Это была главная, лелеемая, сладкая мечта — выспаться. И когда днём спать стало больше невмоготу, отдохнувшие мозги заполнились праздными мыслями.
— До чего, братцы, я жалею, что проснулся!
— Утробу небось набивал?
— Наворачивал, к вашему сведению, гречневую кашу с телятиной. Язык проглотишь! Под конец сунул в рот вилку — не тот вкус, царапается. Просыпаюсь — в зубах клок сена торчит!
— Что же ты теперь, Пашка, ржать будешь?
— А мне сало жареное с луком приснилось. Макаю, значит, туда картошку…
— Братья славяне, уговор, — нетерпеливо прервал Володя Железнов. — Кто про жратву первый заговорит, тому всю ночь у буржуйки сидеть, огонь караулить.
— Не-е, — завертел головой исхудавший Кузин, давно прикончивший привезённый из дому брусок сала. — О чем тогда ещё говорить?
Искренний вопль Кузина всех развеселил, но предложение проголосовали и приняли. А вскоре Володя, лежавший у окна, мечтательным тоном сообщил:
— Во-он баба корову повела, молочка бы парного испить…
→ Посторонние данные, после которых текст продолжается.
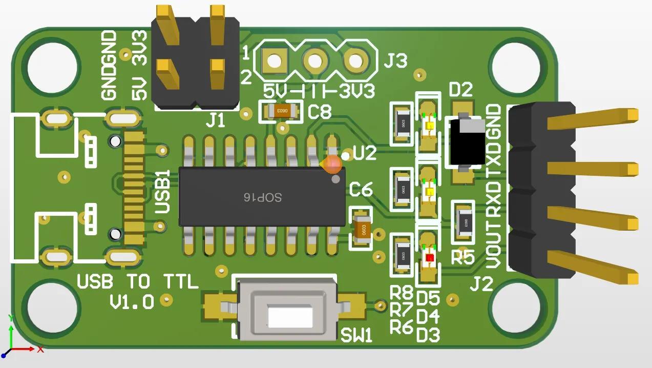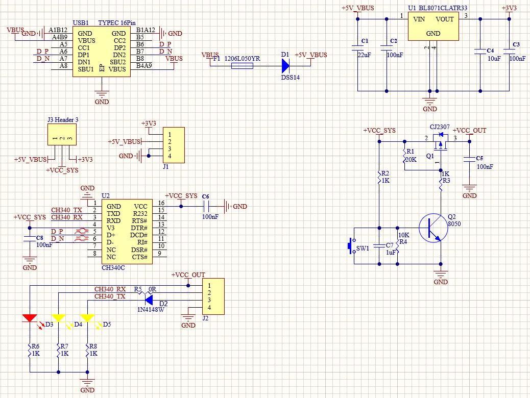 USB转TTL使用了CH340C,接口采用TYPE C 16pin接口,留了一个5V和3.3V的排针及GND。STC8系列功耗很低,这会使USB转TTL的TX连接MCU的RX时使MCU不能完全断电,所以按照STC给出的下载电路添加进去即可。5V转3.3V选用了一款贝岭的LDO。通过短路冒选择输出电压5V或者3.3V。
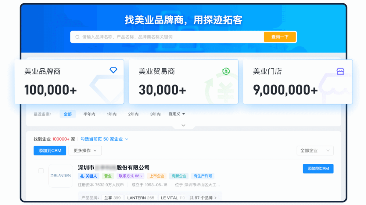 探迹拓客美业版专为美业企业设计,深度解决“找客户-挖需求-建合作”全链路痛点。以连锁客户开发为例,核心功能与落地价值。
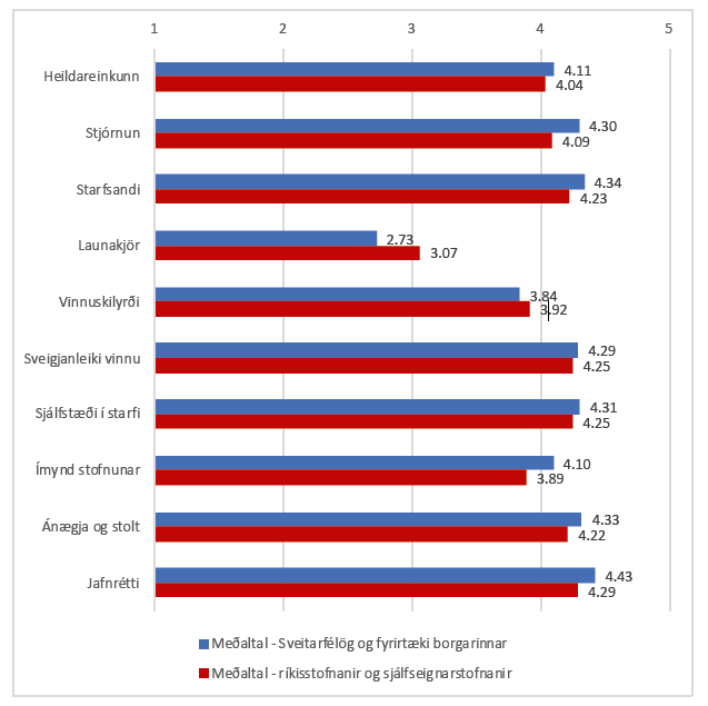Meðaleinkunn stofnana sveitarfélaga og fyrirtækja borgarinnar er lítið eitt hærri en hjá ríki og sjálfseignarstofnunum, eða 4,11, og stendur nokkurn veginn í stað frá því í fyrra. Heildareinkunn sveitarfélaga og fyrirtækja borgarinnar hefur hækkað mikið á undanförnum árum, eða um 0,18 stig frá 2016. Líkt og hjá ríkisstofnunum hækkar ímynd milli ára en viðhorf til launakjara batnar hjá sveitarfélögum og fyrirtækjum borgarinnar milli ára sem er ólíkt því sem við sjáum í niðurstöðum ríkisstofnana.
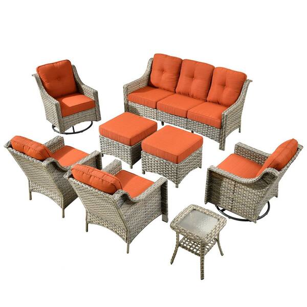Cherry 8-Piece Wicker Outdoor Furniture Patio Conversation Sofa Seating Set with Swivel Chairs and Orange Red Cushions
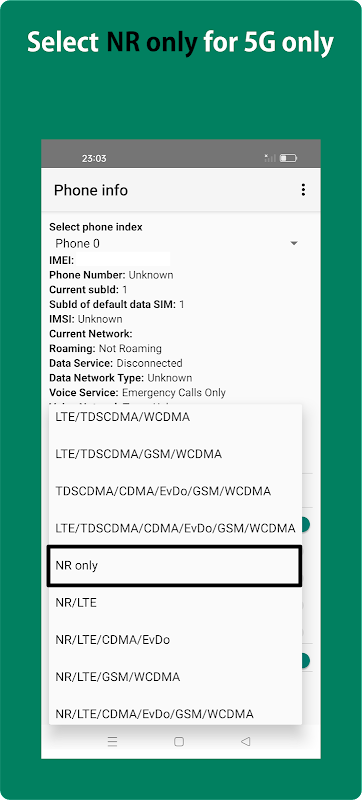Questa app ti consente di aprire impostazioni nascoste per cambiare il tipo di rete solo su 3G/4G/5G, poiché alcuni marchi di telefoni cellulari bloccano la possibilità di cambiare il tipo di rete solo su 3G/4G/5G.
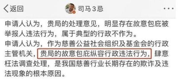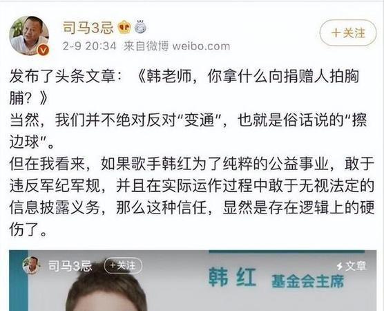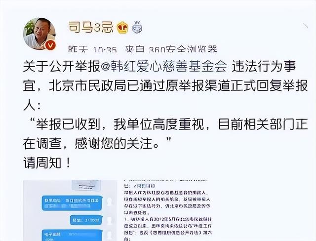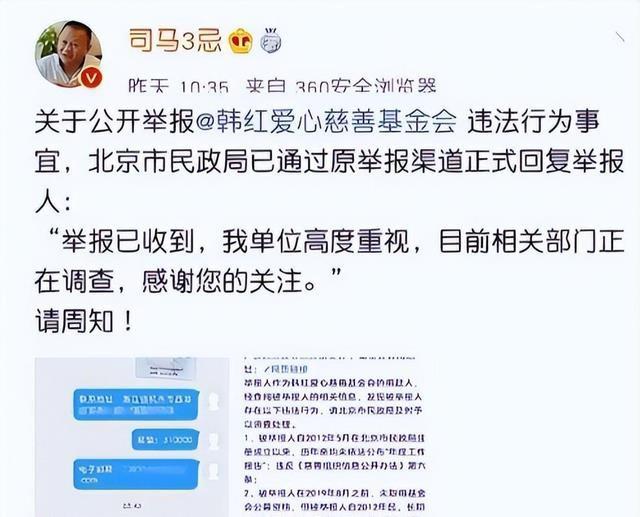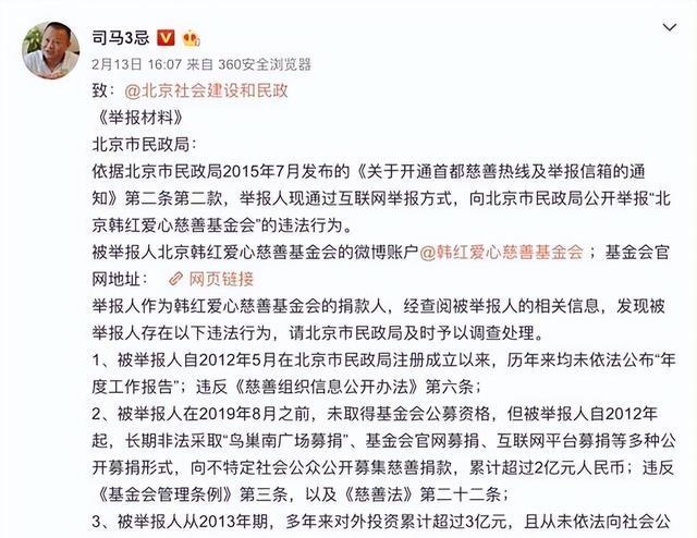 2020年2月,“司马3忌”实名举报韩红基金会存在诸多违法行为,例如“未依法公开年度工作报告”、“未经取得公募资格便进行长期非法募捐活动”以及“高达三亿元人民币的善款去向不明”等。

— Или, на худой конец, всю ночь у печки просидеть! — радостно проревел Кузин.
— Сам влип! — беззлобно рассмеялся Володя. — Баста, так дальше жить нельзя.
Если в запасном полку Володя зарабатывал себе добавку, устраивая по вечерам сольные концерты на кухне, то в эшелоне ему пришлось худо. Вагона-ресторана у нас не было, хлеб и консервы — вот весь сухой паек на долгий путь следования. Совет Сергея Тимофеевича «удовлетворяться малым» Володя решительно отверг, как недостойный солдата.